Inspiration

The world is immersed in a transition into a new digital age, where decentralized technologies and user-centric interfaces will enable a new generation of digital interactions. We believe that this new digital age will be defined by the verifiability of information and the transferability of assets in real time. When information is related to individuals and companies, there are two W3C standards that establish an ideal user-centric framework for the issuance, presentation, and verifiability of verifiable credentials: decentralized identifiers (DIDs) and verifiable credentials (VCs).

After working with these standards for several years in multiple projects in Latin America and the Caribbean, we realized that there was a missing piece to achieve mass adoption and make the digital interactions more user-centric, privacy preserving, and reliable. That missing piece are tools and interfaces that allow enterprises to incorporate the standards into their digital infrastructure and start using them to issue verifiable credentials.

What it does

We have developed a platform that allows enterprises and individuals to interact through digital credentials. Our platform has an enterprise portal where enterprises can create, customize, and issue any kind of verifiable credential to a user. Users can use our digital wallet to receive, store, and present credentials to third parties (a.k.a. verifiers). Verifiers can request specific credentials following the OpenID4VP standard to end-users, and the presentation of credentials can be done under selective disclosure and ZKP conditions. The platform is being developed by Blerify, a spinoff from LACChain, an open source blockchain project. Both Blerify and LACChain teams are committed to contributing to open-source tools for the community.

How we built it

In order for issuers to send credentials to individuals, we have created an interface using DIDComm. The solution consists in what we call the “LACChain Mailbox,” which is an open-source solution for DID owners to authenticate to a service where they can leave an encrypted message to another DID. The recipient DID can later authenticate to the same service to retrieve the payload, decrypt it, and get the message that contains the verifiable credential or presentation.

Challenges we ran into

From a technical perspective, integrating DIDComm as a credential exchange mechanism was a significant challenge due to the implementation of specific encryption algorithms in different components such as the issuance portal, the backend, and the wallet where the public keys are exposed in the DID Documents of the issuer, mediator (mailbox), and recipient for proper transportation. The LACChain Mailbox implements a DID-based authentication method, which means that both: the issuer and recipient must have at least one public key registered in their DID for authentication purposes and another for encryption. Finally, the credential must be packaged in digital envelopes or wrappers for routing, first encrypting the credential for the recipient and then encrypting that same result for the Mailbox, in such a way that the Mailbox can decrypt the message for itself and see the next route but without being able to see the original message to the recipient.

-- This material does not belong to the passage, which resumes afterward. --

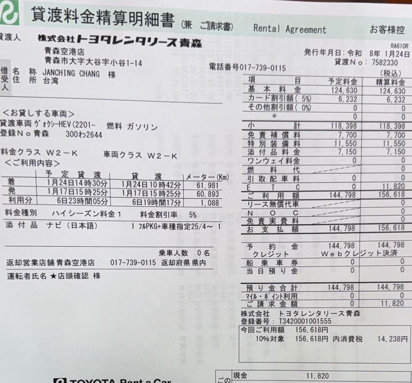 這次指定車型與安心租車保險方案,租車費用日幣144798元,換算台幣29580元,交車時

From a business perspective, despite the verifiable element of a verifiable credential is typically a JSON, real world applications demand user-friendly PDFs that can be customized by the issuers, as well as downloaded, printed, and exposed by individuals. We developed a PDF editor that allows to create custom fields in a PDF and match them with the fields and values in the JSON. Another challenge is how to present and verify credentials when the verifier does not have a proper interface capable of making ID4VP-compliant requests. To address this, the PDFs come with a QR code that allows the resolution of the verifiable credential data to verify its authenticity and status even from a device that does not have the wallet. That is why the QR code is a URL that, when scanned, redirects to the Blerify website to display the credential data, whether it has been revoked, the expiration date, and even the PDF itself. Finally, if the user has the mobile application of the Wallet, the result of the verification is displayed in a more user-friendly interface.

What we want

We want to build a user-centric world where individuals can own their digital self through non-custodial digital wallets. For that, we want to enable the tools and middleware for enterprises to connect to non-custodial interfaces and be able to issue and verify verifiable credentials. We believe that this is an enabler for the new age of tokenized assets, because better means for digital authentication will be necessary to meet the 2030 projections of a multi trillion-dollar tokenized industry. And the best way, in our opinion, to do that is by empowering individuals with their own control of their identity and data through verifiable credentials.

Accomplishments we are proud of

We are working with an association of academic centers in Latin America and the Caribbean that have already piloted and loved the solution. We are also initiating working roadmaps with two governments and several large private sector corporations.

What we learned

We learned that DIDComm is a powerful tool for sending any type of messages, not necessarily credentials, that maintains the privacy of the transported data and can even route them between different networks and communication protocols for greater interoperability. The Mailbox is a versatile tool that can be deployed in any infrastructure with the possibility of connecting to different blockchain networks and supporting multiple DID methods.